Stable manifold: For the local stable manifold, we expand S(y) as a power series in the neighborhood of the origin as follows:

$$ S(y) = \sum\limits_{i \ge 0} {s_{i} y^{i} } = s_{0} + s_{1} y + s_{2} y^{2} + s_{3} y^{3} + \cdots . $$

Since at \( y = 0,S = 0 \) and \( \frac{\partial S}{\partial x} = 0 \), we have \( s_{0} = s_{1} = 0 \).
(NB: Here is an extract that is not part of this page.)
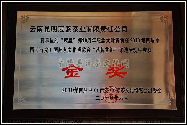 10周年纪念饼获“品牌普洱”金奖

Therefore,

$$ x = S(y) = \sum\limits_{i \ge 2} {s_{i} y^{i} } = s_{2} y^{2} + s_{3} y^{3} + s_{4} y^{4} + s_{5} y^{5} + \cdots \cdots . $$

Now,

$$ \begin{aligned} \dot{x} = x - y^{2} & = \left( {s_{2} y^{2} + s_{3} y^{3} + s_{4} y^{4} + s_{5} y^{5} + \cdots } \right) - y^{2} \\ & = (s_{2} - 1)y^{2} + s_{3} y^{3} + s_{4} y^{4} + s_{5} y^{5} + \cdots \\ \end{aligned} $$

Again,

$$ \begin{aligned} x = S(y) \Rightarrow \dot{x} = \frac{\partial S}{\partial y}\dot{y} & = (2s_{2} y + 3s_{3} y^{2} + 4s_{4} y^{3} + 5s_{5} y^{4} + \cdots )( - y) \\ & = - (2s_{2} y^{2} + 3s_{3} y^{3} + 4s_{4} y^{4} + 5s_{5} y^{5} + \cdots ) \\ \end{aligned} $$

Therefore, we have

$$ (s_{2} - 1)y^{2} + s_{3} y^{3} + s_{4} y^{4} + s_{5} y^{5} + \cdots = - (2s_{2} y^{2} + 3s_{3} y^{3} + 4s_{4} y^{4} + 5s_{5} y^{5} + \cdots ). $$

Equating the coefficients of like powers of y from both sides of the above relation, we get

$$ s_{2} = 1/3,\,s_{3} = s_{4} = \cdots = 0. $$

Therefore, \( x = \frac{{y^{2} }}{3} \), and hence, the local stable manifold of the nonlinear system in the neighborhood of the equilibrium point origin is

$$ W_{loc}^{s} (0,0) = \left\{ {(x,y):x = \frac{{y^{2} }}{3}} \right\}. $$

Unstable manifold: For the local unstable manifold we expand U(x) as

$$ U(x) = \sum\limits_{i \ge 0} {u_{i} x^{i} } = u_{0} + u_{1} x + u_{2} x^{2} + u_{3} x^{3} + \cdots . $$

As previous, \( u_{0} = u_{1} = 0 \). Therefore,

$$ y = U(x) = \sum\limits_{i \ge 2} {u_{i} x^{i} } = u_{2} x^{2} + u_{3} x^{3} + u_{4} x^{4} + u_{5} x^{5} + \cdots . $$

Now,

$$ \dot{y} = - y = - (u_{2} x^{2} + u_{3} x^{3} + u_{4} x^{4} + u_{5} x^{5} + \cdots ). $$

But

$$ \begin{aligned} \dot{y} = \frac{\partial U}{\partial x}\dot{x} & = (2u_{2} x + 3u_{3} x^{2} + 4u_{4} x^{3} + 5u_{5} x^{4} + \cdots )(x - y^{2} ) \\ & = (2u_{2} x + 3u_{3} x^{2} + 4u_{4} x^{3} + 5u_{5} x^{4} + \cdots )\left\{ {x - \left( {u_{2} x^{2} + u_{3} x^{3} + u_{4} x^{4} + u_{5} x^{5} + \cdots } \right)^{2} } \right\} \\ \end{aligned} $$

Therefore, we must have

$$ (u_{2} x^{2} + u_{3} x^{3} + u_{4} x^{4} + u_{5} x^{5} + \cdots ) = (2u_{2} x + 3u_{3} x^{2} + 4u_{4} x^{3} + 5u_{5} x^{4} + \cdots )\left\{ {\left( {u_{2} x^{2} + u_{3} x^{3} + u_{4} x^{4} + u_{5} x^{5} + \cdots } \right)^{2} \,-\, x} \right\} $$

Equating the coefficients of like powers of x from both sides of the above relation, we get

$$ u_{2} = u_{3} = u_{4} = \cdots = 0. $$

Therefore, \( y = U(x) = 0 \). Hence, the local unstable manifold of the nonlinear system in the neighborhood of the origin is (Fig. 4.5)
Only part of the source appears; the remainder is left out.